Shakespeare Readings, 10 February 1953: 

Francis King
Liana Desylla
Marie Aspioti
Pat Karydi
Hector Koliacopoulos

Oscar Wilde readings, 8 December 1953

Some visitors:

Patrick Leigh Fermor, 1953
Anthony Blunt, 23/11/53
Queen Frederika and King Paul (at exhibition)
Mountbatten of Burma


Photographic Sets (62 sets 1946-1955)

Eg 1946 Dec.  1) Windsor Castle 2) English Ballet
1947    included British Scenery, British Agriculture, English Cathedrals .    

Gramophone Recitals began in October 1949, weekly, during the Functional Season (October-April)

LECTURES from 1946 (samples)

1946, July, Paddy Leigh Fermor on 1) British Philhellenes 2) Experience in Crete

1948, February, W. Tatham, English Education

1949, February, H.A.Lidderdale, English Music for Voices

1950, February, Irene Dendrinou, Dino Theotoki as a Poet

1952, January, Edwin Merlin, George Orwell

1952, October, Francis King, Graham Greene and Evelyn Waugh

1953, November, Professor Anthony Blunt, Royal Portraiture

Last lectures recorded on file, May 1955

Out of a total of 99 lectures 65 were in Greek, 34 in English


In Prospero, the British Council Corfu literary periodical (issue 9, pages 350-351), the list of  British Council events in Corfu in 1953 suggests an impressive contribution to the development of Corfu’s intellectual and artistic activities. It includes lectures by Irini Dendrinou, Anthony Blunt, M.I. Desyllas; literary events with readings of works by Mavilis, Theotokis and Papadiamantis; drama events, with readings of plays by L. MacNeice (translated by M. Aspioti) and Oscar Wilde, with people like Hector Koliakopoulos taking part, as well as musical and film events.
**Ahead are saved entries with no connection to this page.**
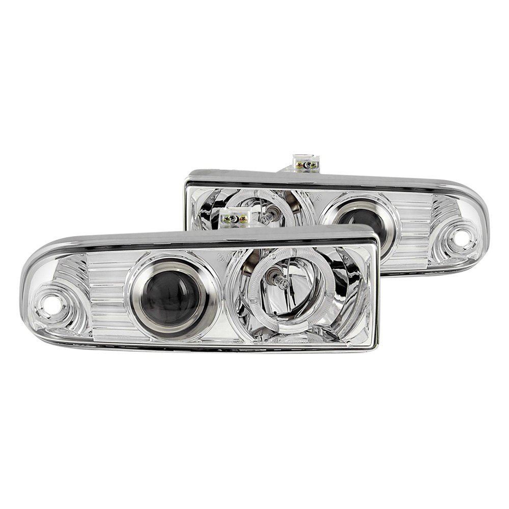 Driver and Passenger Side Chrome LED Halo Projector Headlights (111016) by Anzo®. 1 Pair. Chrome housing, clear lens. Bulb: 9005 (HB3) low beam (included), 9005 (HB3) high beam (included). Do you have a hard time seeing while driving at night? Worried about hitting a deer or other nocturnal road hazards? If you answered yes, then you should get a set of Anzo headlights. These powerful head lamps are brighter than factory headlights and are designed using the latest computer assisted design technology. Anzo uses this CAD technology to not only ensure that you get the best functioning headlights, but that they also look great and fit perfectly.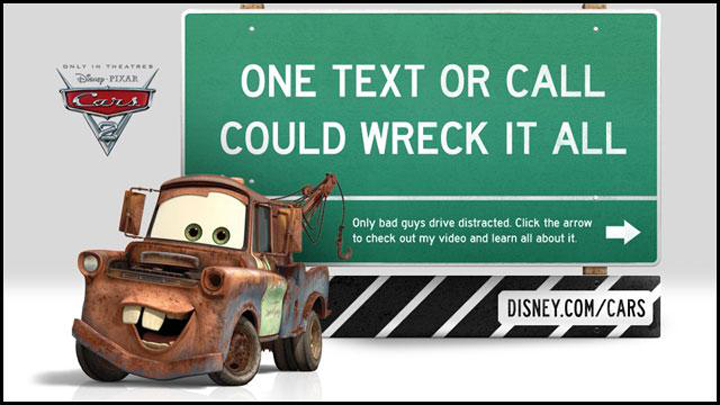 Believe it or not, the National Highway Traffic Safety Administration (NHTSA) is doing just that with a dedicated Website, www.distraction.gov. As you might expect, it uses statistics to dramatize the problem and makes virtuous appeals to get people behind it. I’m not sure how long the site has been going, but it has been long enough that NHTSA got Disney to provide a public-service announcement in which clips from Cars 2 were edited around the messages “One Text or Call Could Wreck it All” and “Only Bad Guys Drive Distracted.” (See? Bad guys.) That spot is no longer up (probably because Cars 2 came and went over a year ago), but it’s still available on YouTube (http://www.youtube.com/watch?v=G6Ahgpvc7fg&feature=player_embedded). It’s worth a look, but beware of the expletive-filled comments further down the page.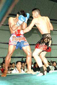 パンチで速攻の鷹山、ペットボーライはガードを上げそしてスウェーでかわしカウンターの右ストレートとミドルを決める。更にスピードのあるワンツーで攻め込むペーットボーライ。鷹山はパンチを返すが、ペットボーライはスウェーしてローとボディーストレート。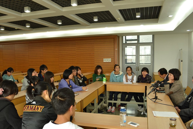 随后,退休老干部夏红珍老师就个人工作和生活中的经历,为同学们进行了经验上的交流。1999年退休后,夏红珍老师并没有停止她对教师这份职业的热爱,又继续在苏州农学院担任班主任。在闲暇之余,夏红珍老师还参加了老年大学,学习了昆剧,更是与时俱进选择QQ与她的学生们进行联系和交流。在多年与学生接触的过程中,她近距离地发现了很多现代大学中存在的学风不正、教学浮躁等问题。她和同学们分享了两首诗歌《七苦歌》、《苔》,指出“人从“苦苦”坠地便开始了一生吃苦的过程,人的一生应当勤勤恳恳”,教导同学们不要被浮躁的社会风气影响,应以踏实严谨的态度刻苦学习,拓宽知识面。在朗读一封1991年学生寄给她的信时,夏老师通过信中学生对她工作的评价,展现自身对教师这份职业的态度,“我只是平凡的教师,本职就是成为我学生的良师益友,拥有爱心和责任心”。夏红珍老师以一句人生感悟作结,“工作中美丽,学习中快乐”,希望同学们学习和生活更进一步。

As Charles Climis writes in “The Illustrated History of Corfu” (1994): “The British Council hosted a major post-war effort to keep the intellectual standards to a level, if not raise them, considering always the dire circumstances. Marie Aspiotis, Michael Desyllas, Irene Dendrinos and other literati met there and gave lectures twice a month…This effort was abruptly curtailed in 1954, with the Anglo-Cypriot crisis.”  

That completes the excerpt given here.